Hands-on: Run a simple single-GPU PyTorch AI training job¶

Exercises on the course GitHub.

Q&A¶

Is it alright/normal to always get the following message/warning in the start of our output file?
```
The following modules were not unloaded:
  (Use "module --force purge" to unload all):

  1) ModuleLabel/label   2) lumi-tools/24.05   3) init-lumi/0.2

The following sticky modules could not be reloaded:

  1) lumi-tools
```
- Yes, that is completely normal. If you want to know more about how the module system works, we recommend our regular introductory courses. E.g., the lecture on modules of the recent Amsterdam training, currently our most recent training.
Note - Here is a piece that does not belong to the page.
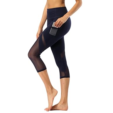 Women S High Waist Capri Workout Yoga Leggings Running Pants Mesh Panels With Pockets Navy Ca185w9kc9u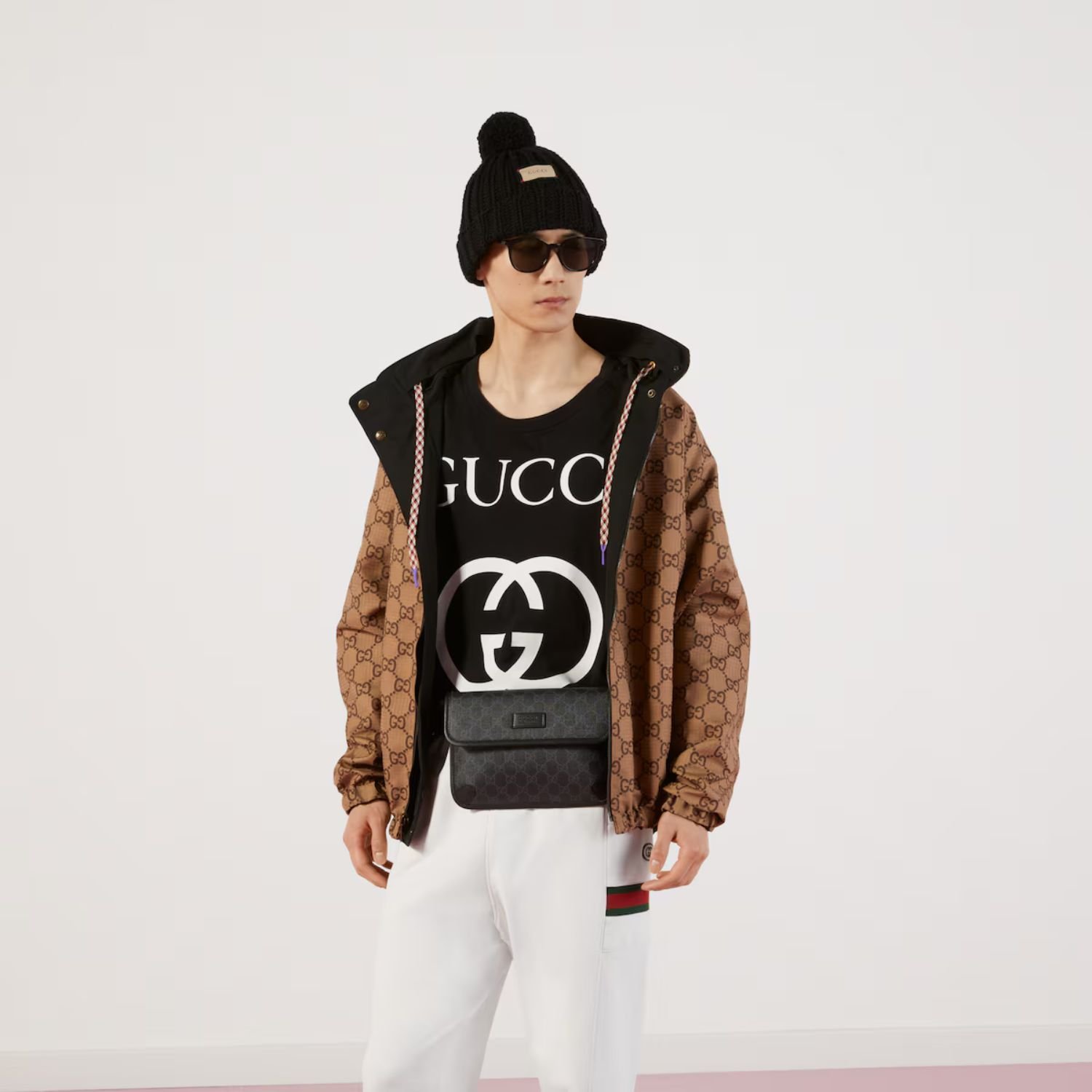 Gucci GG Black Belt Bag Black/Grey GG Supreme Canvas With Black For Men 9in/24cm GG ?598113 K5RLN 1095

It is not possible to compress all relevant material of that course in this 2-day course unfortunately.
  
  Basically it is the result of some modules on LUMI being sticky, and all this is explained in this section of the notes of the modules talk of the Amsterdam intro course.
What is the rationele behind asking for 7 CPUs if you do the training on 1 GPU (Maybe it was mentioned during the presentation, but I lost connection at some point)?
- The nodes are configured to leave some CPUs free for GPU driver activity leaving 7 per GPU. It is useful to routinely ask for these so that if you are getting all the cpus associated with each GPU.
Thanks, so in principle you could just ask for just 1 cpu, but it would kind of waste the other 6?
- All GPU codes also launch from CPUs and in some cases that CPU part of the code is also multithreaded. Can't speak for your case, but earlier today a user wanted more than 7 cores per GPU... E.g., managing the loading of data is largely done by the CPU.
In the .py file, why do we specify remove_columns=["text", "label"] - should not only "label" be removed? (it is in the train_dataset.map and eval_dataset.map functions)
- This is somewhat specific to the HuggingFace Trainer with this specific model, which expects the training data to be token ids, that is, integers, under key 'input_ids'. These are created during running the tokenizer in the script, but it means we can discard the actual text afterwards.
The script has finished training correctly, but did not print the generated reviews. Same problem with the reference solution.
- With the suggested configuration / resource allocation, the script probably ran out of time to finish training and generating reviews. Check from the output log if it says in the end JOB xyz ON nid... CANCELLED AT ... DUE TO TIME LIMIT. This is expected for this exercise. We will speed up the training using multiple GPUs in Session 08 tomorrow.